◆ What is required: In the data below, find the line containing "100 % cachemire" and the line containing "I give wanted", then reproduce them and every line between, exactly. Omit pictures.

◆ Records supplied:

########################################

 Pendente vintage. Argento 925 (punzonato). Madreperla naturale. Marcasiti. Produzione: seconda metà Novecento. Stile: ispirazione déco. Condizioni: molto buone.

########################################

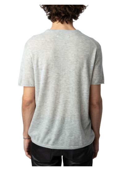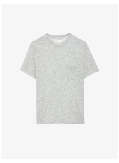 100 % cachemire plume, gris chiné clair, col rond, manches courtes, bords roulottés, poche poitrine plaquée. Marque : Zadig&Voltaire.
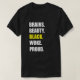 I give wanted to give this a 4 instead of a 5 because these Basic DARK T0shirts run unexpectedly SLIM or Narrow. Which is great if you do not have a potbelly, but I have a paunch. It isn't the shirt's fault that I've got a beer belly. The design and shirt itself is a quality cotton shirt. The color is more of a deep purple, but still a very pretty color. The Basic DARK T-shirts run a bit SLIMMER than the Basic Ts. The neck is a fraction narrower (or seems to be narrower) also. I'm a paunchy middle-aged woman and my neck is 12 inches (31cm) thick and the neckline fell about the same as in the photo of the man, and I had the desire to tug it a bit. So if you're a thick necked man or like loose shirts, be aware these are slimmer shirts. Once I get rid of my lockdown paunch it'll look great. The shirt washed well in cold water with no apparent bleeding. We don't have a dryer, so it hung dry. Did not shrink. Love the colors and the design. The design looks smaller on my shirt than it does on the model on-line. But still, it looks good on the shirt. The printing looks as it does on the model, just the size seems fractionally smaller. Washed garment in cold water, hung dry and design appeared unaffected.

########################################

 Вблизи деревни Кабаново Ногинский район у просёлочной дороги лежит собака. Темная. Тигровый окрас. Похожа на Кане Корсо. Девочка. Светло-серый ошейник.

########################################

◆ Result of the exercise:
 100 % cachemire plume, gris chiné clair, col rond, manches courtes, bords roulottés, poche poitrine plaquée. Marque : Zadig&Voltaire.
 I give wanted to give this a 4 instead of a 5 because these Basic DARK T0shirts run unexpectedly SLIM or Narrow. Which is great if you do not have a potbelly, but I have a paunch. It isn't the shirt's fault that I've got a beer belly. The design and shirt itself is a quality cotton shirt. The color is more of a deep purple, but still a very pretty color. The Basic DARK T-shirts run a bit SLIMMER than the Basic Ts. The neck is a fraction narrower (or seems to be narrower) also. I'm a paunchy middle-aged woman and my neck is 12 inches (31cm) thick and the neckline fell about the same as in the photo of the man, and I had the desire to tug it a bit. So if you're a thick necked man or like loose shirts, be aware these are slimmer shirts. Once I get rid of my lockdown paunch it'll look great. The shirt washed well in cold water with no apparent bleeding. We don't have a dryer, so it hung dry. Did not shrink. Love the colors and the design. The design looks smaller on my shirt than it does on the model on-line. But still, it looks good on the shirt. The printing looks as it does on the model, just the size seems fractionally smaller. Washed garment in cold water, hung dry and design appeared unaffected.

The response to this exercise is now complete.